The Diamond Trail tells me everything Indians have done to reach the pinnacle of glory and how they worked overtime in far flung Africa – home to the world’s biggest diamond mines – and also in Antwerp, Dubai, and Surat to shape careers for millions. I still do not understand why the first chapter, actually the preface talks about Nirav and Mehul, but then I think it was imperative. You cannot cut out these two if you are writing a book on diamonds, like you cannot drop the assassination of Mohandas Karamchand Gandhi if you are writing a book on Indian freedom struggle.
So let’s check out the diamonds markets first. At a recent forum in New York City, De Beers executives talked about their vision for the diamond industry and explained why they think the industry was now becoming more and more responsive to changing societal mores and consumer desires. The executives said more and more young consumers – mostly from Asia (read India and China) – were looking at marriage differently than in the past and seeing it not as a start of the relationship but another step in it. So what is changing? The Diamond Trail says exactly what De Beers is saying: Once, bulk of the marriages would take place within two months of engagement but now it takes a little over a year. At the forefront of this new change are Indians and Chinese, who are increasingly looking at diamonds and not expensive, gaudy gold ornaments. They are actually cohabitating couples who can even have children before marriage. These young couples are now accounting for a little over 10% of the world diamond sales. And it has happened because Indians have worked overtime to take the trade way beyond the great De Beers tagline, Diamonds Are Forever. Now, claims the author, Indians have rewritten the world rules in diamonds and make it look like Diamonds Will Now Be Forever.
In Antwerp, home to the world diamond trade, Indians are changing trends and helping people to enrich the tradition of weddings, offering them edgy, even creative brands. The fact that Indians are increasingly seeking products to be in line with their values is only because they are being told by Indian diamond merchants in Antwerp that diamonds are no longer the domain of the rich, now it has various sizes and comes in affordable prices.

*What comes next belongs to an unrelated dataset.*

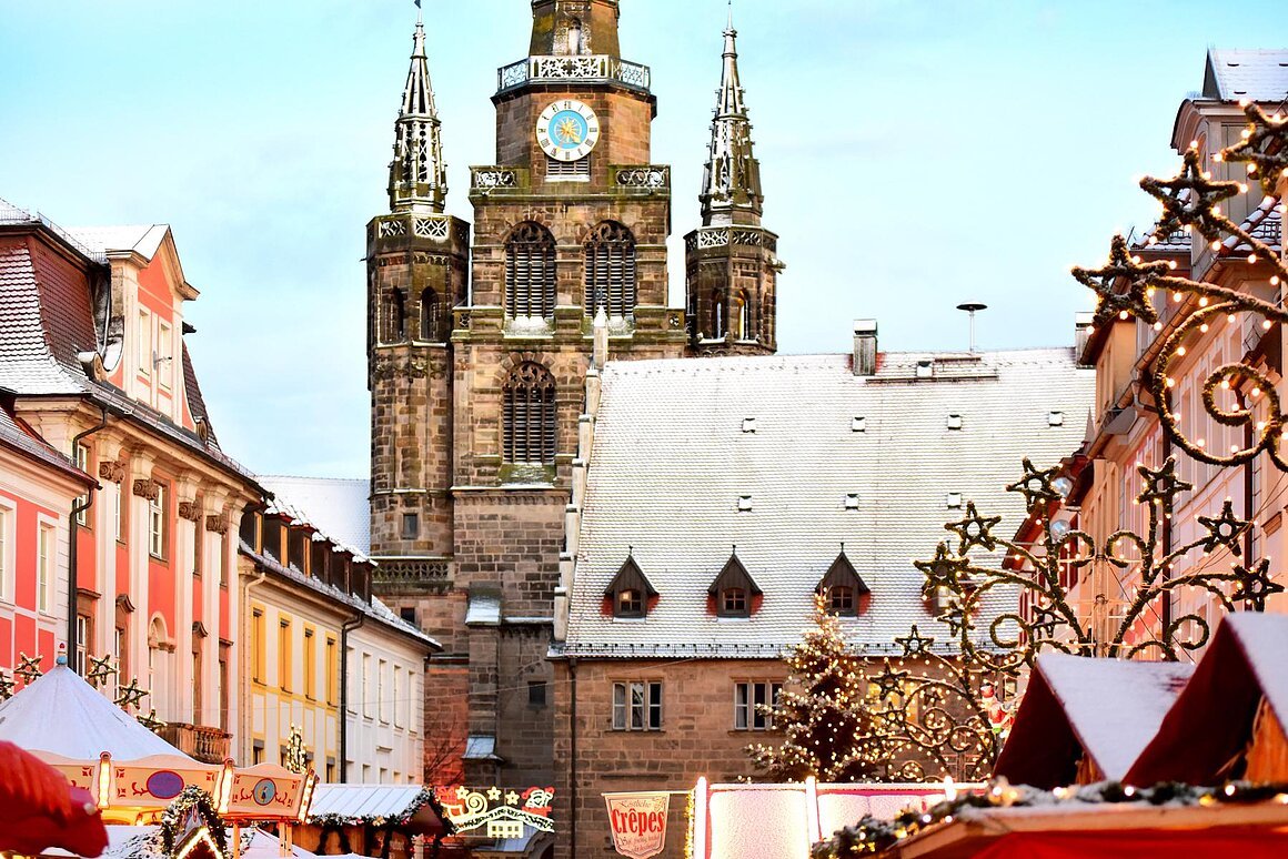 Zwischen den beiden stadtbildprägenden Kirchen St. Johannis und St. Gumbertus findet seit jeher der Ansbacher Weihnachtsmarkt statt.
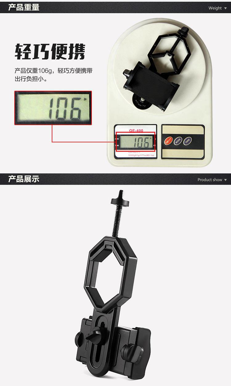 ABS手柄+金属拉杆底座 目镜范围:25-48mm,手机宽度:52-100mm默认彩盒包装。

It did not happen overnight, Indians from Palanpur and Kathiawad who travelled in ships to Antwerp learnt the trade from both Israeli and Belgian merchants and started working first on small diamonds. And then, claims the author, slowly the rise of Indians was felt all over the sleepy Belgian town. And now, it’s a foregone conclusion. Indians have virtually taken over Antwerp, top Indian companies like Rosy Blue are shaping the world trade.
The book narrates the interesting life and times of the families in Palanpur and Kathiawad and how they kept their focus on diamonds and kept on travelling in batches to Africa and Europe to shape their careers in diamonds. Today’s success is the hard work of those who worked tirelessly in small shops in Antwerp at lowly salaries, and of those who worked closely with mine owners across Africa to get great bargains to bring the diamonds home. Some of the diamonds came through Dubai – now an important hub – and some took the direct route. Those were challenging times, troubled times and disturbing times for the Indian diamond merchants and Indian diamond cutters.
But the global diamond trade was not without the dangers of mining, the book recounts tales of blood diamonds – now just one percent of the global diamond trade – and how some African nations like Zimbabwe, Sierra Leone, Congo and Angola got into this dirty trade and paid price through blood and lives. The timing of the book is equally important because this year, 2019, India has been offered the chair of the Kimberly Process, which is also known as KP and meant to altogether eradicate blood diamonds from the market.
Published by Harper Collins, The Diamond Trail is a brilliant read, almost like a book of history many would like to keep to read and understand the business of diamonds. And how and why Indians became an integral part of this big, global business and turned it into more transparent, more authentic. Thanks to Indians, the diamond industry has improved its image and ethics, including programmes which tracks diamonds through the value chain, and makes mines carbon-neutral by using the carbon-storing properties of kimberlite.